### ACTION ITEM
Could you repeat the records below exactly, leaving out any pictures?

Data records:

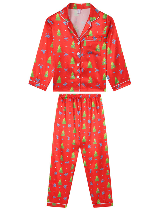 Child's Christmas Satin Long Sleeve Button Down Pajamas Tree Print Festival Party Sleepwear Family Pajamas Set
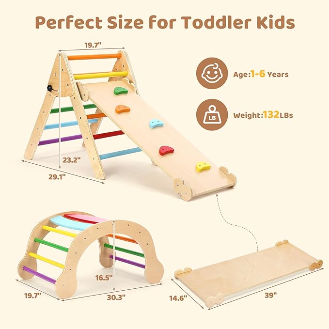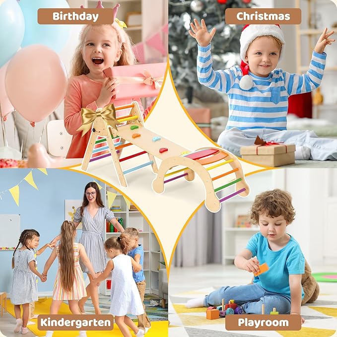 - 【Designed with Kids in Mind】Every element of this pikler triangle set is thoughtfully designed to enhance the climbing experience. The rung spacing, the top bar, grooves at the joints, and 3 extra-wide panels on the top of the pikler arch are all specifically designed to ensure the structure's stability and provide the best possible adventure for children, ensuring durability, safety, and enjoyment
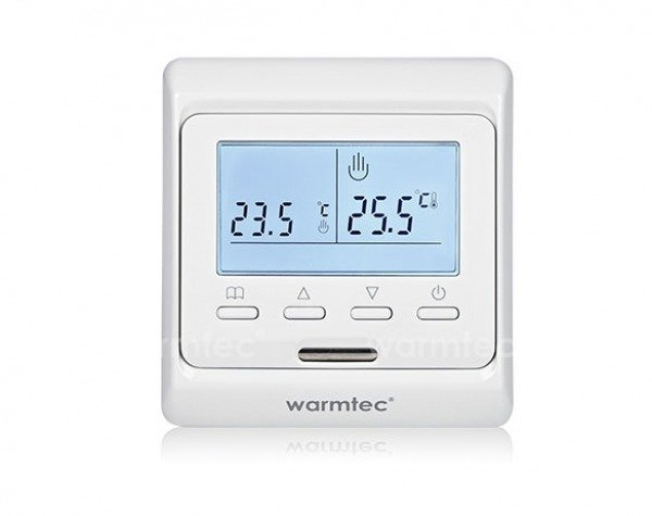 Kompletny zestaw elektrycznego ogrzewania podłogowego firmy Warmtec. Programowalny regulator temperatury z dużym, czytelnym wyświetlaczem LCD. Jednostronnie zasilana, samoprzylepna mata grzejna oraz ułatwiające montaż akcesoria.
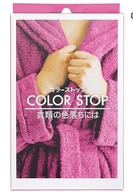 濃い色の服を着せる前に使って、脱色を防止します。
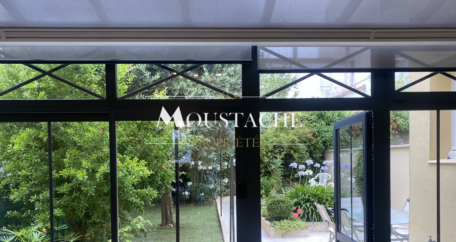 Véranda en alu bien exposée d'environ 20m2 donnant sur le jardin,
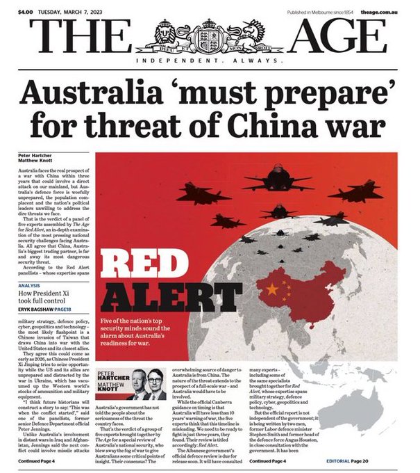 Fotografia dimineții – Prima pagină a unui cotidian australian care îndeamnă la pregătiri de război pentru amenințările Chinei:
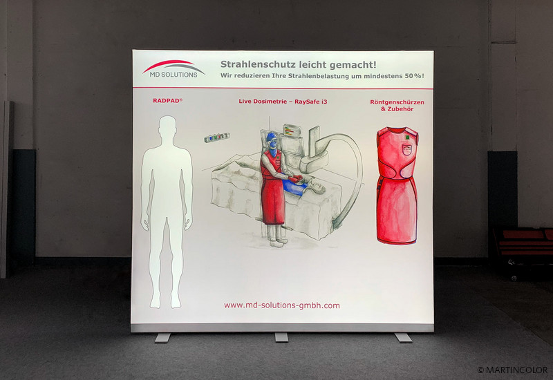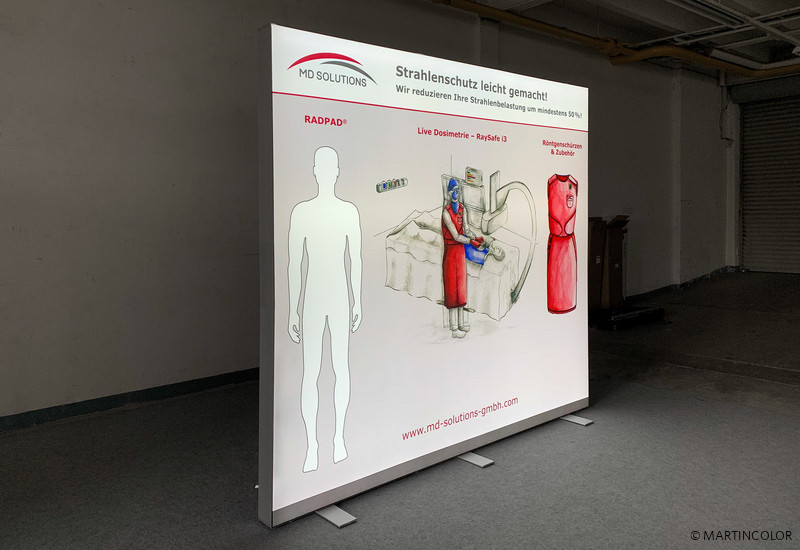 Für das Medizintechnik-Unternehmen MD Solutions GmbH fertigten wir eine großformatige Leuchtwand für den Einsatz auf Messen und Veranstaltungen an. MD Solutions MARTINCOLOR ist der Spezialist für Montage, Aufbau von Messe-Equipment und Befestigung von Werbung und Beschilderung in Ihrem Büro, auf Ihrem Messestand, auf Ihrem Event oder Veranstaltungen. Selbstverständlich übernehmen wir im Vorfeld auch die gesamte Gestaltung, Produktion und Fertigung der Messestände, Großbildflächen und Werbedisplays. Unser hochqualifiziertes Montageteam besteht aus Werbetechnikern, Malermeistern, Elektrikern und Schreinern. Je nach Anforderung werden diese für einen Montageeinsatz vor Ort zusammen gestellt. Wir montieren für Sie deutschlandweit: Acrylbilder, Textil-Spannrahmen, Tapeten, Büroleitsysteme, Fensterbeklebungen, Beschriftungen, Bau- & Werbeschilder, Fassadenbanner, Leuchtkästen uvm. Egal, ob in Ihrem Büro, bei Ihrem Kunden, auf dem Messestand oder Event (In- und Outdoor). Mehr Informationen und Preise erhalten Sie von unserem Spezialisten unter 069-756080-27.

### RESULT BELOW
 Child's Christmas Satin Long Sleeve Button Down Pajamas Tree Print Festival Party Sleepwear Family Pajamas Set
 - 【Designed with Kids in Mind】Every element of this pikler triangle set is thoughtfully designed to enhance the climbing experience. The rung spacing, the top bar, grooves at the joints, and 3 extra-wide panels on the top of the pikler arch are all specifically designed to ensure the structure's stability and provide the best possible adventure for children, ensuring durability, safety, and enjoyment
 Kompletny zestaw elektrycznego ogrzewania podłogowego firmy Warmtec. Programowalny regulator temperatury z dużym, czytelnym wyświetlaczem LCD. Jednostronnie zasilana, samoprzylepna mata grzejna oraz ułatwiające montaż akcesoria.
 濃い色の服を着せる前に使って、脱色を防止します。
 Véranda en alu bien exposée d'environ 20m2 donnant sur le jardin,
 Fotografia dimineții – Prima pagină a unui cotidian australian care îndeamnă la pregătiri de război pentru amenințările Chinei:
 Für das Medizintechnik-Unternehmen MD Solutions GmbH fertigten wir eine großformatige Leuchtwand für den Einsatz auf Messen und Veranstaltungen an. MD Solutions MARTINCOLOR ist der Spezialist für Montage, Aufbau von Messe-Equipment und Befestigung von Werbung und Beschilderung in Ihrem Büro, auf Ihrem Messestand, auf Ihrem Event oder Veranstaltungen. Selbstverständlich übernehmen wir im Vorfeld auch die gesamte Gestaltung, Produktion und Fertigung der Messestände, Großbildflächen und Werbedisplays. Unser hochqualifiziertes Montageteam besteht aus Werbetechnikern, Malermeistern, Elektrikern und Schreinern. Je nach Anforderung werden diese für einen Montageeinsatz vor Ort zusammen gestellt. Wir montieren für Sie deutschlandweit: Acrylbilder, Textil-Spannrahmen, Tapeten, Büroleitsysteme, Fensterbeklebungen, Beschriftungen, Bau- & Werbeschilder, Fassadenbanner, Leuchtkästen uvm. Egal, ob in Ihrem Büro, bei Ihrem Kunden, auf dem Messestand oder Event (In- und Outdoor). Mehr Informationen und Preise erhalten Sie von unserem Spezialisten unter 069-756080-27.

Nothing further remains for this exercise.